Mochi 1, an open-source text-to-video diffusion model has been released by Genmo. Trained with 10 billion parameters built on novel Asymmetric Diffusion Transformer (AsymmDiT) architecture that is also flexible to fine tune. The model is capable of generating output with high fidelity and strong prompt adherence.
The model is registered under Apache2.0 license, that means it can be used for research, educational and commercial purposes.
Introducing Mochi 1 preview. A new SOTA in open-source video generation. Apache 2.0.

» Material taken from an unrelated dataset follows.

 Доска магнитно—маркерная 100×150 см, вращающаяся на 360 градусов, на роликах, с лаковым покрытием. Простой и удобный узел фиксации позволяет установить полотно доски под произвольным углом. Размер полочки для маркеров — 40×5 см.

— Genmo (@genmoai) October 22, 2024
magnet:?xt=urn:btih:441da1af7a16bcaa4f556964f8028d7113d21cbb&dn=weights&tr=udp://tracker.opentrackr.org:1337/announce pic.twitter.com/YzmLQ9g103
Currently, it needs minimum 4 H100 GPU which is really huge for any individual to run, but they also inviting the community to release quantized model so that it easily accessible by the lower end users.
It can be run in ComfyUI, as it consume about 20GB VRAM in the VAE(Variational Auto Encoder) decoding level.
Installation
1. Install ComfyUI into machine.
2. Navigate to "ComfyUI/custom_nodes" folder. Open command prompt using "cmd". Clone the repository by typing following command:
git clone https://github.com/kijai/ComfyUI-MochiWrapper.git
All the respective models gets auto downloaded from Kijai's Hugging Face when you initiate the Workflow for the first time.

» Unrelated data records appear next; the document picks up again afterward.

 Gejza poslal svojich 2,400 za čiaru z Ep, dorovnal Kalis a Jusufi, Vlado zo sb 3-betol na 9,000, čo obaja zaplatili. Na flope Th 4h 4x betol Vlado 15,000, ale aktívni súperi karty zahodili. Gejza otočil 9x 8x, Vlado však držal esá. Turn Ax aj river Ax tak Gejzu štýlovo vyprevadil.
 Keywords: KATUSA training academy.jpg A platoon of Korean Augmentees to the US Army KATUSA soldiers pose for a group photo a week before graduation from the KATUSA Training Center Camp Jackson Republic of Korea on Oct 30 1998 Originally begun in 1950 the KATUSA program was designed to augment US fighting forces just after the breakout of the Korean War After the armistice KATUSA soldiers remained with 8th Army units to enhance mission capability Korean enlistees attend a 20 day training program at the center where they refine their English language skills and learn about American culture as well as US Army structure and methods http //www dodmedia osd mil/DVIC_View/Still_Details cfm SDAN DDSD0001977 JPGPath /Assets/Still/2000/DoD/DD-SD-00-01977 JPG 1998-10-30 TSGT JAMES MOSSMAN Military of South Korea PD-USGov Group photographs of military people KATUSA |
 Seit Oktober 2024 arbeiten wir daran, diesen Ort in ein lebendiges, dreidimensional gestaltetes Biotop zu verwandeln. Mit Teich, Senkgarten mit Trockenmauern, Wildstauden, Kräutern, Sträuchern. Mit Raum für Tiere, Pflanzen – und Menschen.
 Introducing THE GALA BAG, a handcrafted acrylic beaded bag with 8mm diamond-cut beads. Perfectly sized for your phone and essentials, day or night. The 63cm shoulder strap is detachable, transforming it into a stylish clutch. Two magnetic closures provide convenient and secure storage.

If you are interested to work with the raw model, then you can directly access it from Genmo's Hugging face.
Take it into consideration, the model weights is quite huge in size. So, be patient while its getting downloaded. You can track the real-time status in terminal for ComfyUI running in the background.
All the respective models get saved to "ComfyUI/models/diffusion_models/mochi" folder and VAE to "ComfyUI/models/vae/mochi" folder.
Workflow
1. You can get the Workflow from your "ComfyUI-MochiWrapper/examples" folder.
2. Just drag and drop to ComfyUI.
3. Put your positive detailed prompt for better result.